The Senate Commerce, Science, and Transportation Committee held a hearing titled, “Growing The Future: Opportunities To Support Domestic Seafood Through Aquaculture.”

Why It Matters

Seafood is a valuable staple for many Americans, and advances in research have made it possible to produce fish and shellfish through aquaculture. A balance of fishing and growing seafood is important for ocean health, food stability, and economic security. Addressing industry challenges, investing in research, and embracing innovation are vital to expanding production.

Key Points

Despite having a robust commercial fishing industry, the U.S. imports nearly 90 percent of our seafood, which includes products that are farmed. Witnesses and members of the committee agreed increased aquaculture in the U.S. would provide food security, job opportunities, innovation prospects, and economic growth.
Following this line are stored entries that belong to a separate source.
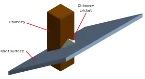 A cricket or saddle is a ridge structure designed to divert water on a roof around the high side of a large penetration, typically a skylight, equipment curb, or chimney.[1] In some cases, a cricket can be used to transition from one roof area to another. On low-slope and flat roofs with parapet walls, crickets are commonly used to divert water to the drainage, against or perpendicular to the main roof slope.
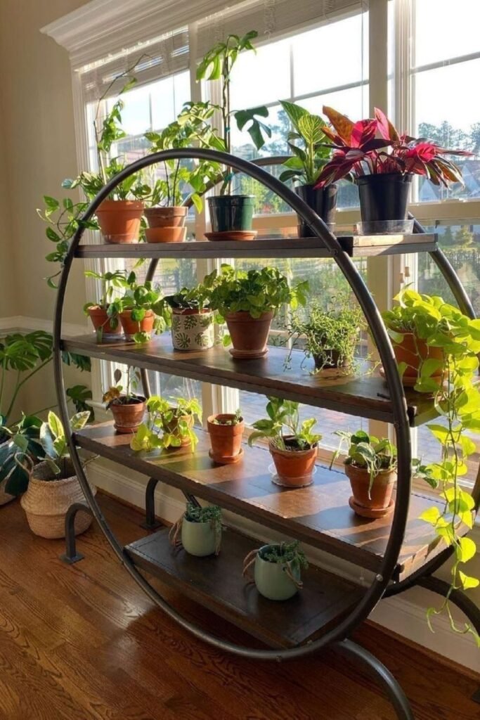 Natural light becomes predictable when shelves rise with the window. Tiered plant stands like this let you match plant height to light strength.
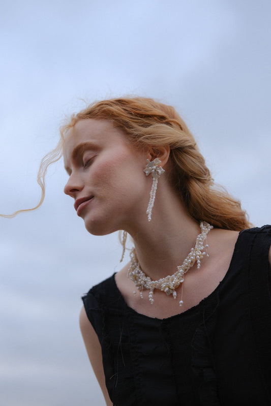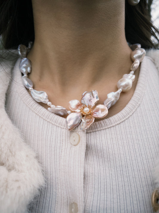 Meteor Keshi Pearl Flower Illusion Necklace №54
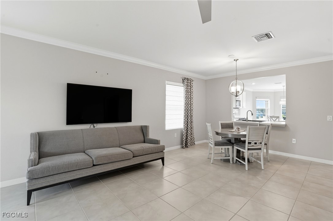 Inside, the open-concept floor plan is designed with both comfort and functionality in mind. The spacious living room flows seamlessly into the dining area and kitchen, creating the perfect setting for entertaining guests or enjoying family time. Large windows and sliding glass doors allow abundant natural light to fill the home while providing easy access to the screened lanai. The kitchen is equipped with modern cabinetry, ample counter space, and a convenient breakfast bar for casual dining.
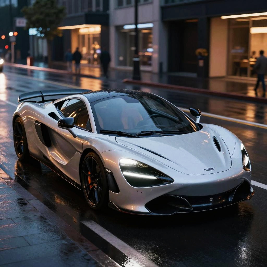 Rainbow McLaren sports car speeding down a neon-lit futuristic city street at night, vibrant multicolored reflections on the sleek body, dynamic motion blur, hyper-realistic details, cinematic atmosphere, high contrast lighting
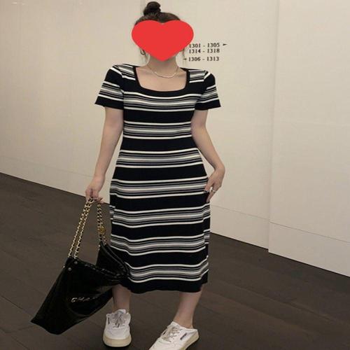 2컬러 단가라패턴 여름 스퀘어넥 슬림 반팔 롱원피스 WFNQVQ3
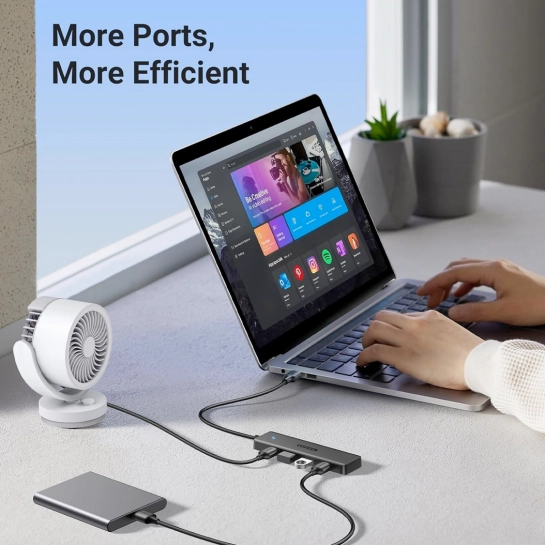 Корпус хаба виготовлений з міцного та зносостійкого пластику, стійкого до механічних впливів та щоденної експлуатації. Пристрій має малу вагу і компактні розміри, завдяки чому легко поміщається в сумку або кишеню. Це робить його ідеальним аксесуаром як для дому, так і для подорожей.
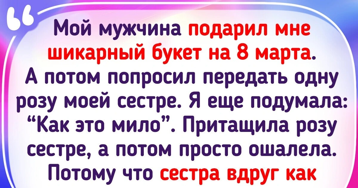 Мой мужчина подарил мне шикарный букет на 8 марта. А потом попросил передать одну розу моей сестре. Я еще подумала: "Как это мило". Притащила розу сестре, а потом просто ошалела. Потому что сестра вдруг как ляпнула: "Почему он нас двоих любит, а мне досталась только роза?!"

Fish and shellfish can be raised in several environments, including ponds, tanks, and open water pens, which creates production opportunities for inland and coastal communities. Witnesses identified several challenges for growing the U.S. aquaculture industry, including uncertainty of obtaining federal permits, complexity of the environmental review process and expertise of agencies involved, lack of authority to operate in the exclusive economic zone, and the necessity for federal investment to continue research and innovation.
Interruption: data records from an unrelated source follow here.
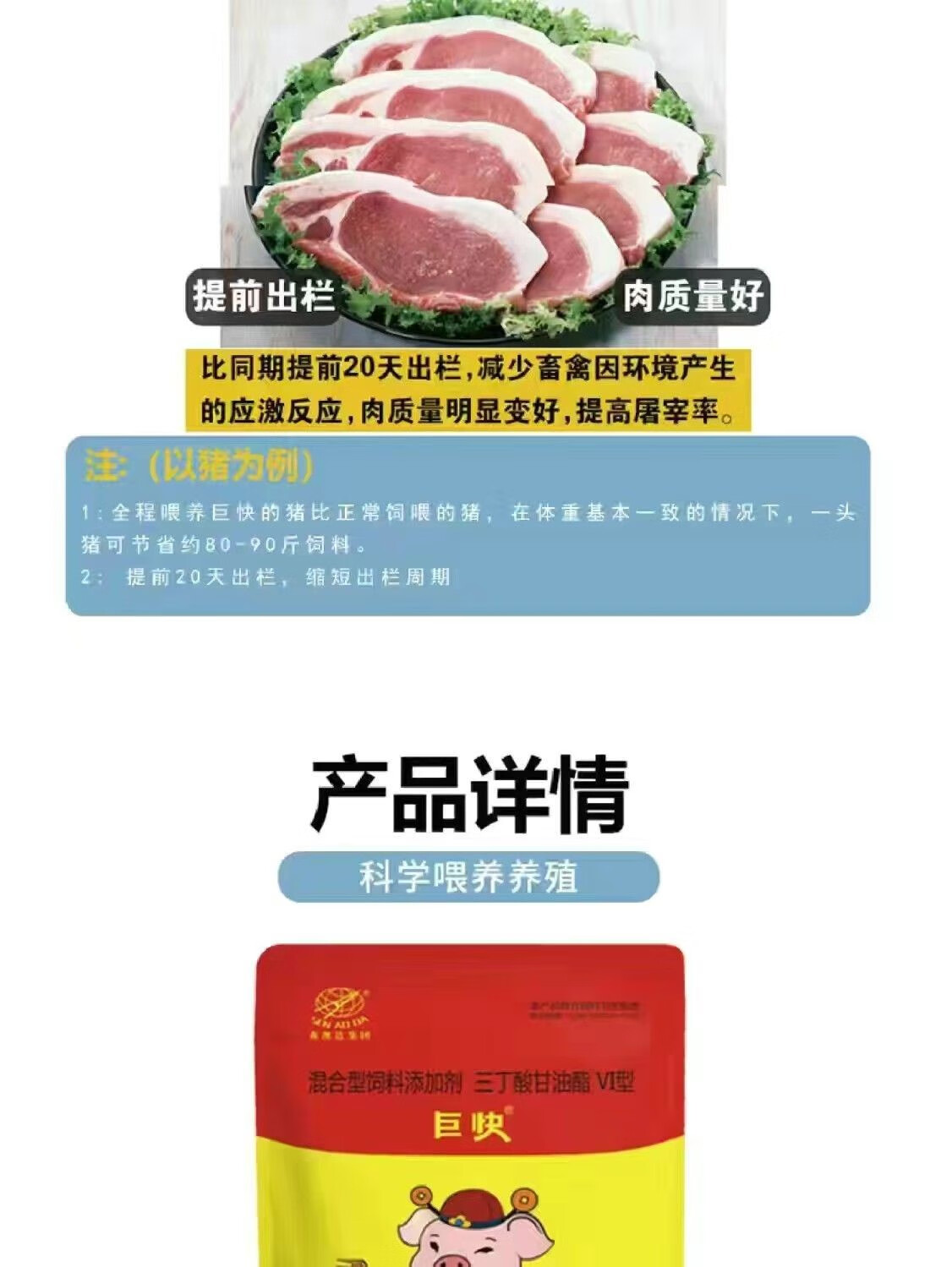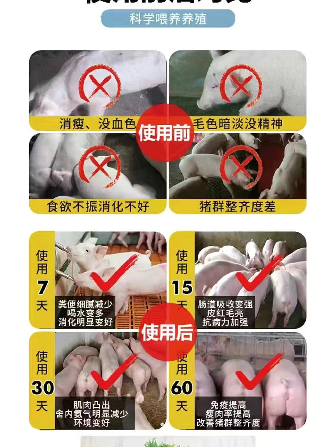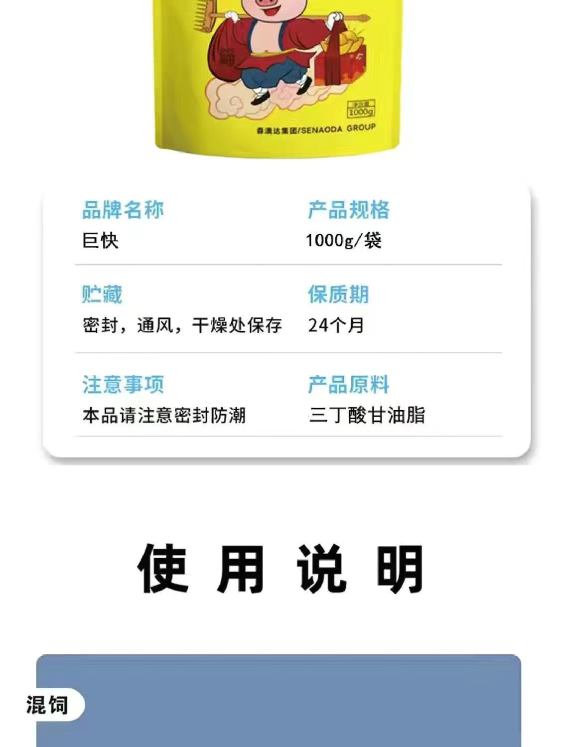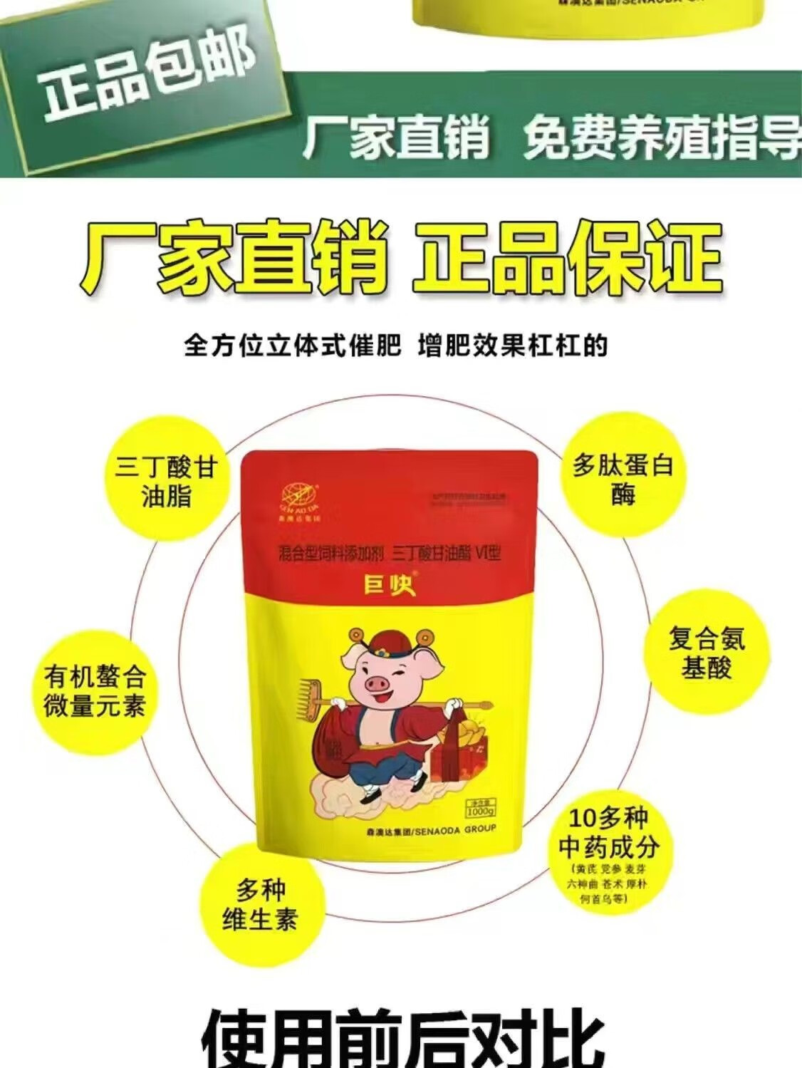 Senaoda giant fast pigs use feed additives to promote fattening, promote growth and rapid weight gain. Fattening pigs eat and grow rapidly over time. 3 bags of value pack, a total of 900g, can be mixed with 1800Jin. Jin is equal to 0.5kg.
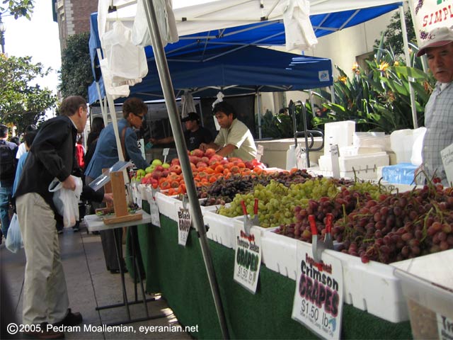 Downtown Los Angeles isn't exactly known as a pedestrian destination. That is slowly changing though with more people moving back to the area and new developments changing the harsh dual landscape of skyscrapers and run-down retail areas. The Wednesday farmer's market in front of city's main library is an example of this change. Originally started last summer for a short trial and now twice extended to an indefinite number of weeks, it is where the lunch-time suits meet the area locals to buy everything from organic produce, fresh cut flowers, baked goods, hand-made jewelry and even a quick lunch at a half dozen stands. Right in the midst of speeding cars and tall buildings, this is one place to seek out the warmth of ordinary Angelinos. -- Pedram Moallemian , Eyeranian.net
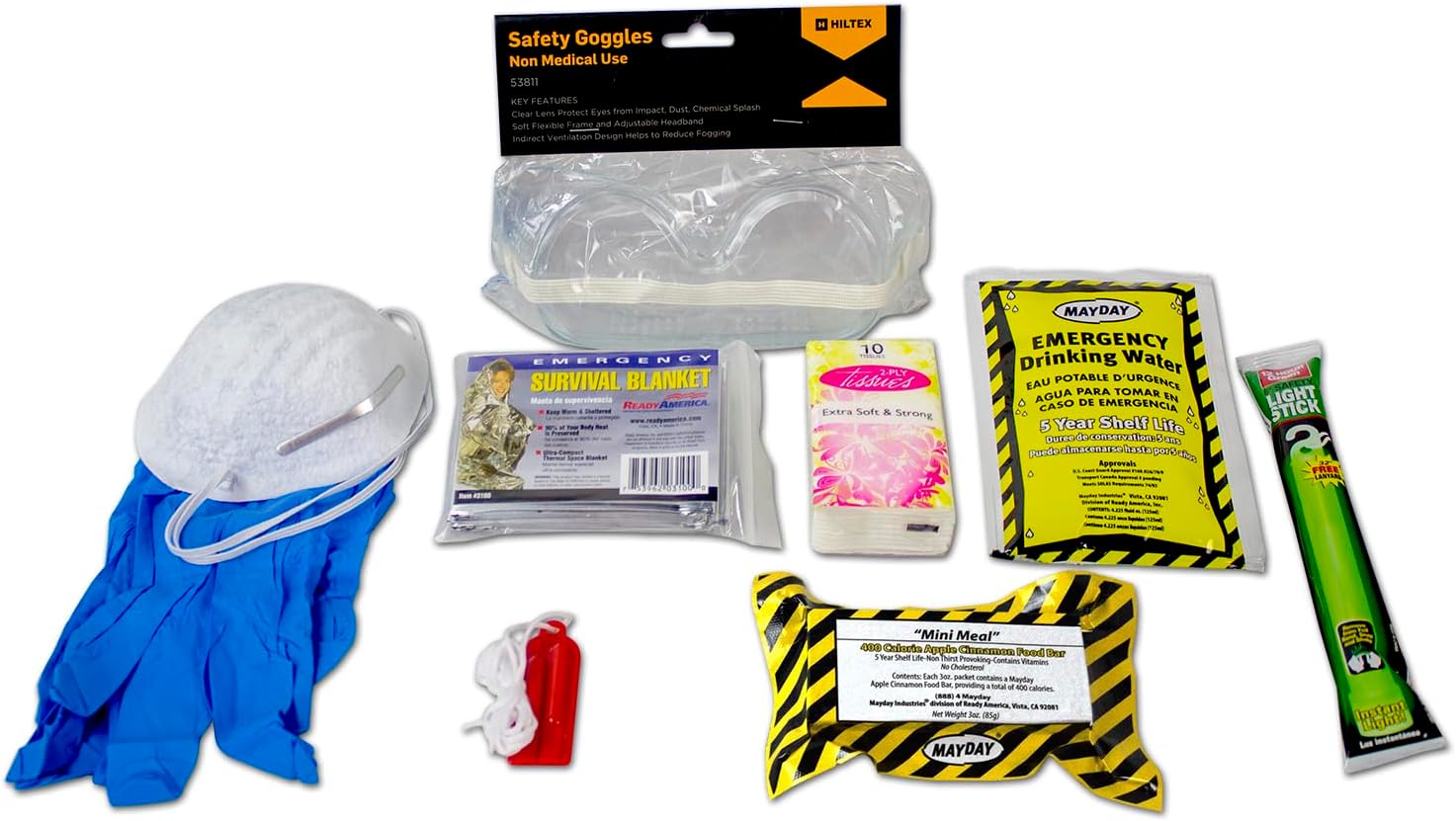 - The survival blanket (52 inches x 84 inches) retains 90% of body heat and can double as a rain shelter.

A main focus was on benefits to the coastal economy and human health, but the discussion also highlighted major industry advances to minimize environmental impacts, the increased potential for public-private partnerships, and the risks associated with importing product. Overall, there was bipartisan support for growing the blue economy and strong interest in expanding seafood production in the U.S.

Quotable

“Domestic farming of seafood, done in a safe, well-monitored manner, can provide economic opportunities for all Americans, both for our coastal and inland communities.” – Chairman John Thune (SD)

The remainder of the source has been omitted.